My general concern here is the need to manipulate / break up / update the affine.parallel for seemingly simple transformations that would have been otherwise really easy to perform on a contiguous set of 1-d affine.parallel_for’s. As a representative example, consider outer loop vectorization on or more loops of say a 3-d affine.parallel.
`
affine.parallel %i = 0 …, %j = 0 … , %k = 0 … , {

}
`
As a use case, you may want to contrast the mechanics of implementing such outer loop vectorization (potentially even multi-dimensional) on this representation vs a sequence of affine.parallel_for’s (assuming it was beneficial to do this early while you have this affine.parallel around). For some reason, if the best thing to do also as part of the transformation was to hoist some of the generate vector body somewhere in between (breaking the perfect nesting), you’d run into a phase ordering issue here, i.e., you’d either have to break up the band or delay such hoisting to a later pass and risk such hoisting not being performed altogether.

Have you run into or considered such issues surrounding interaction and ordering w.r.t other things that don’t want to see monolithic bands?

Right - but my point was that a pass / utility is already expected to know this when dealing with multiple contiguous parallel_for’s. So I see the “preservation of a perfect parallel nest” as the more important issue/potential gain with this op here.

We use affine.if to handle uneven tilings. So basically, if apply an inner tile size of 32 to a loop over %i from 0 to %n, we get something like:

affine.parallel %i0 = 0 to sym(%n) step 16 {
  affine.parallel %i1 = %i0 to %i0 + 16 step 1 {
    affine.if affine_set<(d0, d1)[s0] : (d0 + d1 < s0) (%i0, %i1)[%n] {
      <body>
    }
  }
}

Now, the affine if here is a bit wordy, but that’s largely syntactic, nothing prevents us from supporting something more like:

affine.if %i0 + %i1 < sym(%n) {

Also,

So as an example of a multidimensional tiling/vectorization in practice, consider the following code (simplified to not consider uneven tiling, and with most asserts removed for clarity)
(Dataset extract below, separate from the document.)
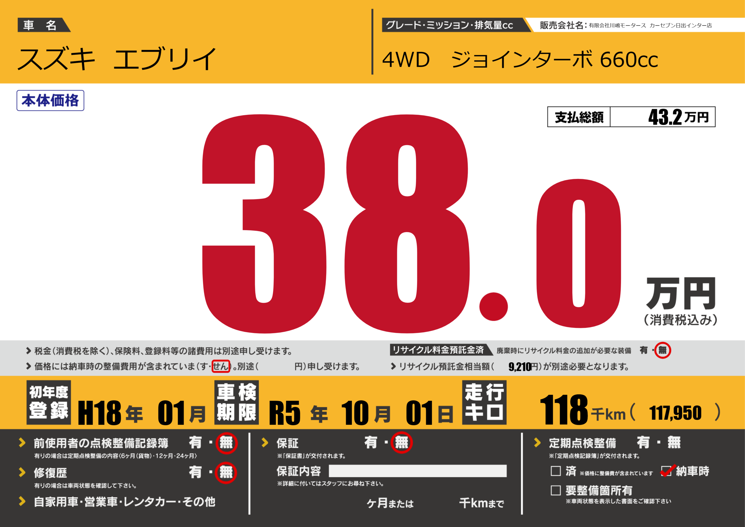 | 車検制限 | R5年 10月 01日 | ||
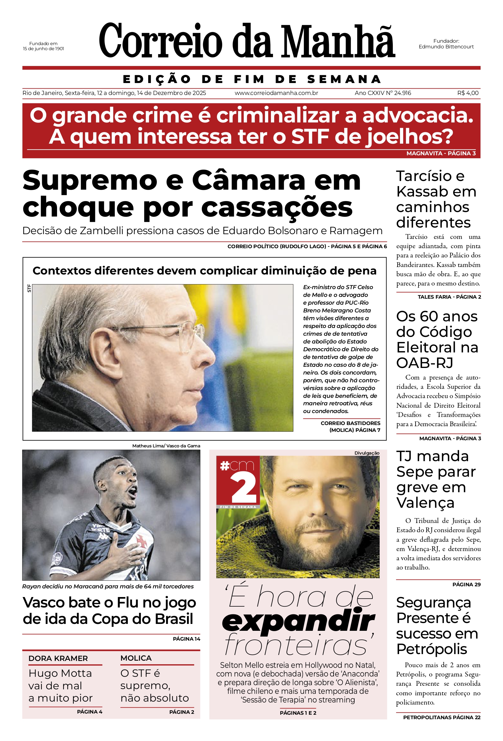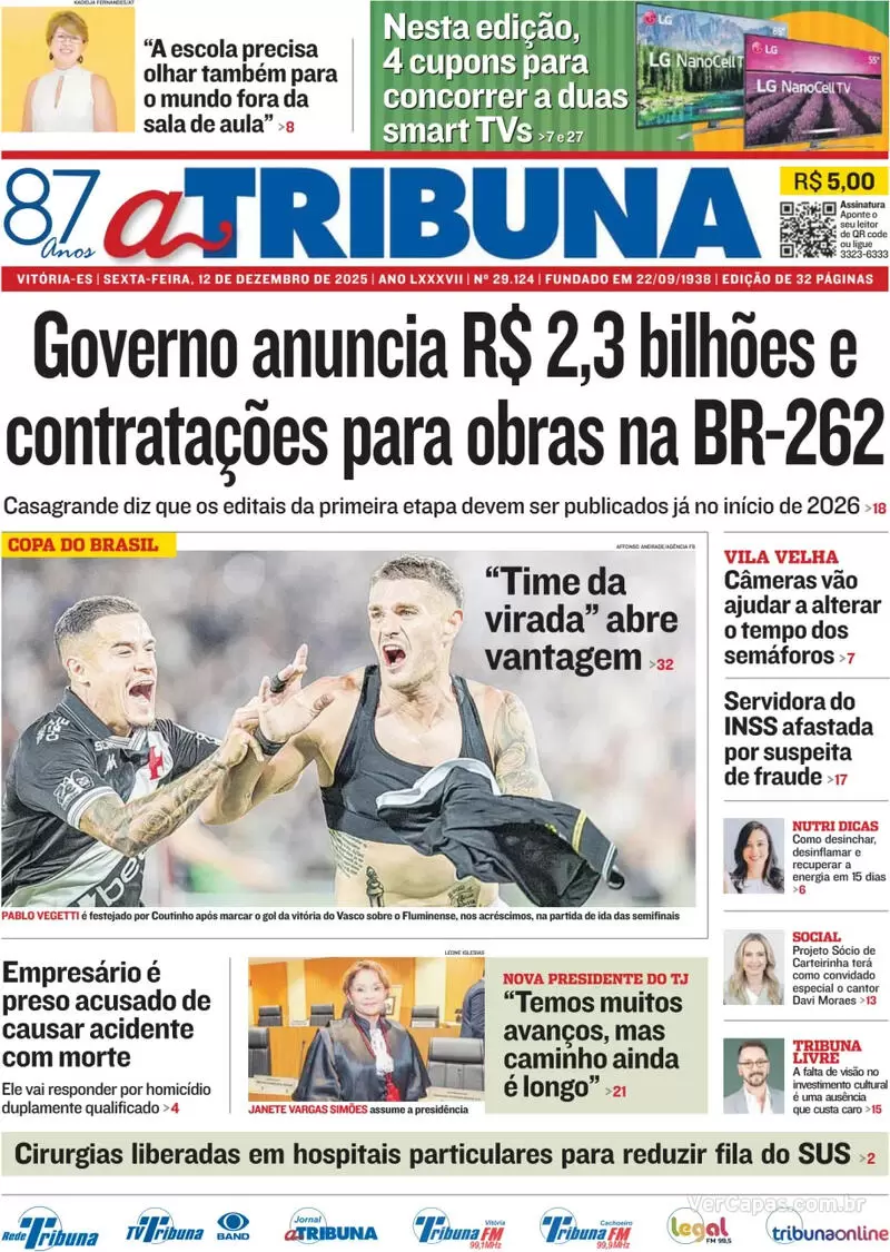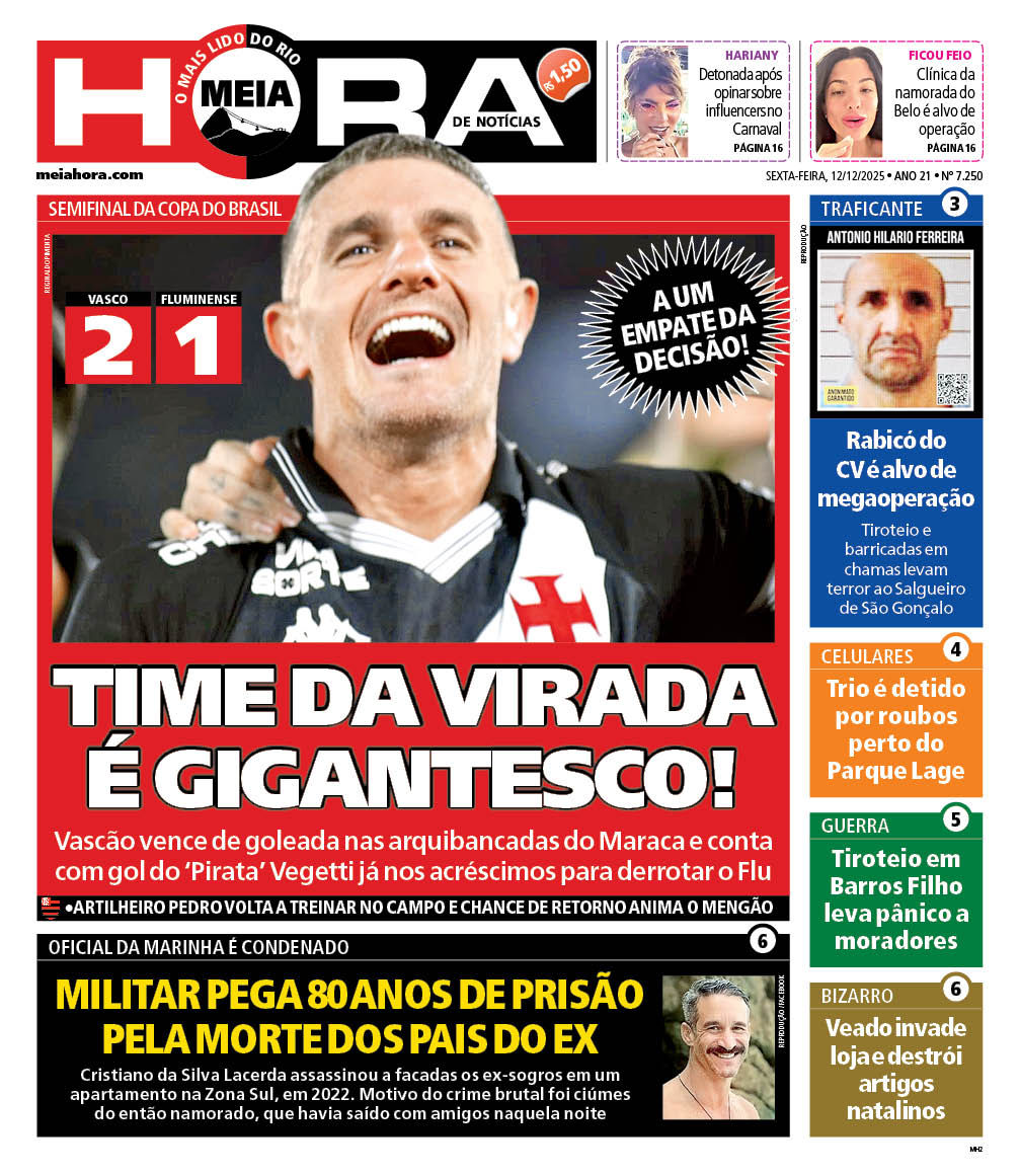 No jogo de ida da semifinal da Copa do Brasil, o Vasco venceu o Fluminense por 2 a 1, de virada, com gols de Rayan e Vegetti, ficando com a vantagem do empate para a partida de volta. Veja as capas dos jornais.

void Tile(AffineParallelOp op, llvm::ArrayRef<int64_t> tileSizes) {
  auto builder = op.getBodyBuilder();
  mlir::Block* outerBody = op.getBody();

  // Make the maps for the inner parallel
  llvm::SmallVector<mlir::AffineExpr, 8> lbExprs;
  llvm::SmallVector<mlir::AffineExpr, 8> ubExprs;
  for (size_t i = 0; i < dimCount; i++) {
    auto outerDim = builder.getAffineDimExpr(i);
    auto tileSize = builder.getAffineConstantExpr(tileSizes[i]);
    lbExprs.push_back(outerDim);
    ubExprs.push_back(outerDim + tileSize);
  }
  auto lbMap = AffineMap::get(dimCount, 0, lbExprs);
  auto ubMap = AffineMap::get(dimCount, 0, ubExprs);

  // Generate args for maps
  llvm::SmallVector<mlir::Value, 8> outerIdxs;
  for (size_t i = 0; i < outerBody->getNumArguments(); i++) {
    outerIdxs.push_back(outerBody->getArgument(i));
  }
  // Make the inner parallel for
  auto inner = builder.create<AffineParallelOp>(
     op.getLoc(), lbMap, outerIdxs, ubMap, outerIdxs));

  // Splice instructions into the interior
  auto& innerLoopOps = inner.getBody()->getOperations();
  auto& outerLoopOps = outerBody->getOperations();
  innerLoopOps.splice(std::prev(innerLoopOps.end()), outerLoopOps, outerLoopOps.begin(),
                                                          std::prev(outerLoopOps.end(), 2));

  // Update outer step size
  llvm::SmallVector<int64_t, 8> newSteps;
  auto oldSteps = op.steps().cast<ArrayAttr>().getValue();
  for (size_t i = 0; i < dimCount; i++) {
    newSteps.push_back(oldSteps[i].cast<IntegerAttr>().getInt() * tileSizes[i]);
  }
  op.setAttr("steps", builder.getI64ArrayAttr(newSteps));
}

It transforms this:

  func @dot(%o: memref<100x100xf32>, %a: memref<100x100xf32>, %b: memref<100x100xf32>) {
    affine.parallel (%i, %j, %k) = (0, 0, 0) to (100, 100, 100) {
      %0 = affine.load %a[%i, %k] : memref<100x100xf32>
      %1 = affine.load %b[%k, %j] : memref<100x100xf32>
      %2 = mulf %0, %1 : f32
      pxa.reduce add %2, %o[%i, %j] : memref<100x100xf32>
    }
    return
  }
}

Into this:

  func @dot(%o: memref<100x100xf32>, %a: memref<100x100xf32>, %b: memref<100x100xf32>) {
    affine.parallel (%i0, %j0, %k0) = (0, 0, 0) to (100, 100, 100) step (10, 10, 10) {
      affine.parallel (%i1, %j1, %k1) = (%i0, %j0, %k0) to (%i0 + 10, %j0 + 10, %k0 + 10) {
        %0 = affine.load %a[%i1, %k1] : memref<100x100xf32>
        %1 = affine.load %b[%k1, %j1] : memref<100x100xf32>
        %2 = mulf %0, %1 : f32
        pxa.reduce add %2, %arg2[%i1, %j1] : memref<100x100xf32>
      }
    }
    return
  }

which I think shows the ease of both the transformation and the readability of the resulting code in the multidimensional case.

Agree.

Hi Jeremy,

My apologies for the long delay on this thread, I have now been able to catch up and can offer some comments.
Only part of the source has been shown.